Ultimately colorblindness leaves us in a position where we tell everyone that all people are equal on the surface, but then criticize some groups for not achieving the same level of success despite not having the same advantages and opportunities. We look at President Obama and see a black man who rose to the presidency by overcoming obstacles and assume that racial parity exists. When black people try to raise objections to the way that they are treated and when they try to point out the challenges that black people in this country have faced since our founding, their arguments are discredited by the same group that claims to be colorblind.

 

More than being neutral and meritorious, being colorblind means that we choose not to see the advantages white people have relative to black people. It means that we choose not to acknowledge the ways in which recent history limited the opportunities and possibilities for minority populations. Colorblindness also means that we ignore the realities that black people face in terms of systematic discrimination that dates back to times when discrimination was legal. Ultimately, it is a way to discredit claims of racial discrimination and the existence of disparate impacts from our policies and systems.

Racial Discrimination Today

“We have not ended racial caste in America; we have merely redesigned it,” Michelle Alexander writes in her book The New Jim Crow. Alexander focuses on our nation’s criminal justice system, its shortfalls, and how racial disparities exist within a system that is supposed to be colorblind. Early on in the book she writes about discrimination against criminals and compares todays discrimination against criminals to historical discrimination against black people. She writes,

“In the era of colorblindness, it is no longer socially permissible to use race, explicitly, as a justification for discrimination, exclusion, and social contempt. So we don’t. Rather than rely on race, we use our criminal justice system to label people of color “criminals” and then engage in all the practices e supposedly left behind. Today it is perfectly legal to discriminate against criminals in nearly all the ways that it was once legal to discriminate against African Americans.”

Alexander’s quote shows the challenges we face today in a time with less explicit racism and fewer individually racist people. People themselves may make racist jokes in the company of friends, but outward displays of racism are rare. This gives us all the sense that racism is no longer a major factor in our lives and it allows us to feel that we have overcome a great challenge in treating people more equally in this country.
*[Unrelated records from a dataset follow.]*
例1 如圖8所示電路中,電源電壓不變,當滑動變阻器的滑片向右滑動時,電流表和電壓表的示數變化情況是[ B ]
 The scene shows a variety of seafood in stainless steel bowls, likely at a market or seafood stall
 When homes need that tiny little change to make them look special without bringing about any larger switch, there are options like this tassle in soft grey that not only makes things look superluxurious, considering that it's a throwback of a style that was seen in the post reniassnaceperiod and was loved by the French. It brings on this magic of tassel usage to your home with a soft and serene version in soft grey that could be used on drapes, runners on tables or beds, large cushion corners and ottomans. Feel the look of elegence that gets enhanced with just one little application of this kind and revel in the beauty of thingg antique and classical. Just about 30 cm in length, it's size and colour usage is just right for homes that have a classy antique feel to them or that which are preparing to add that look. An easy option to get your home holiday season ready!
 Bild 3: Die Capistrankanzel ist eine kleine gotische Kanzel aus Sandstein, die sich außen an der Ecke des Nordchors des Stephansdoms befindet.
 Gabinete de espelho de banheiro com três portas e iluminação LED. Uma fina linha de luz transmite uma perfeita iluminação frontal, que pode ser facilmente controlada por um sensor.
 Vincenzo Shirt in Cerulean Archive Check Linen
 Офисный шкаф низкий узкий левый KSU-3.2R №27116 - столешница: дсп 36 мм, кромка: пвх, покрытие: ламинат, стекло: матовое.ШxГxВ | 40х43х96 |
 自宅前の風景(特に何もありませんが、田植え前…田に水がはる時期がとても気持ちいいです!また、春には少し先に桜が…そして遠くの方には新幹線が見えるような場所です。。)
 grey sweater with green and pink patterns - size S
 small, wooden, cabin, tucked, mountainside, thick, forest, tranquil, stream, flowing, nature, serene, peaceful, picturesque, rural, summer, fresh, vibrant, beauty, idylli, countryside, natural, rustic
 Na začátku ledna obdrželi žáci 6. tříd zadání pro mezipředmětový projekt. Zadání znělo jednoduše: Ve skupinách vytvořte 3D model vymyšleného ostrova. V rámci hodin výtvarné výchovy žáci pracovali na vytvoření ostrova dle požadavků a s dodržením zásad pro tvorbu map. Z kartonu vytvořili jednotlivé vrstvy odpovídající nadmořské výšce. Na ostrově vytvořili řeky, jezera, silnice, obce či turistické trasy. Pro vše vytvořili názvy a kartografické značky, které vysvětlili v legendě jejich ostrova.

What we miss when we focus only on explicit racism and individual level actions are the factors that comprise larger parts of our institutions and norms.

Our criminal justice system disproportionally impacts the lives of hispanic and black people. We arrest minorities at a far greater level than we arrest white people, even though levels of drug use and crime are similar among white, black, and latino people. The result of disproportionate arresting is that white people are allowed to move beyond their mistakes and crimes and can build wealth, while people of color are haunted by their crimes and face discrimination in areas like employment, housing, and financial investing. Pretending that the system is equal because we don’t outwardly express racism hides the fact that our system is entrenched in racism and hides the structural and institutional ways in which racism has shaped our society and created disparate outcomes for people based on race. Because these issues go beyond individuals, we must work to change entire systems and policies to move beyond the current outputs of the system. Changing who we arrest is one step, but we must also shift housing and development policies, and changing housing and development requires that we take a new look at those we label as criminals. Ultimately, it requires that we look at those around us as human beings first, and look at criminal history in a new light. Moving to a point where outward displays of racism are not acceptable is good start, but we need to move forward to a point where we acknowledge the disparate impacts our society has accepted.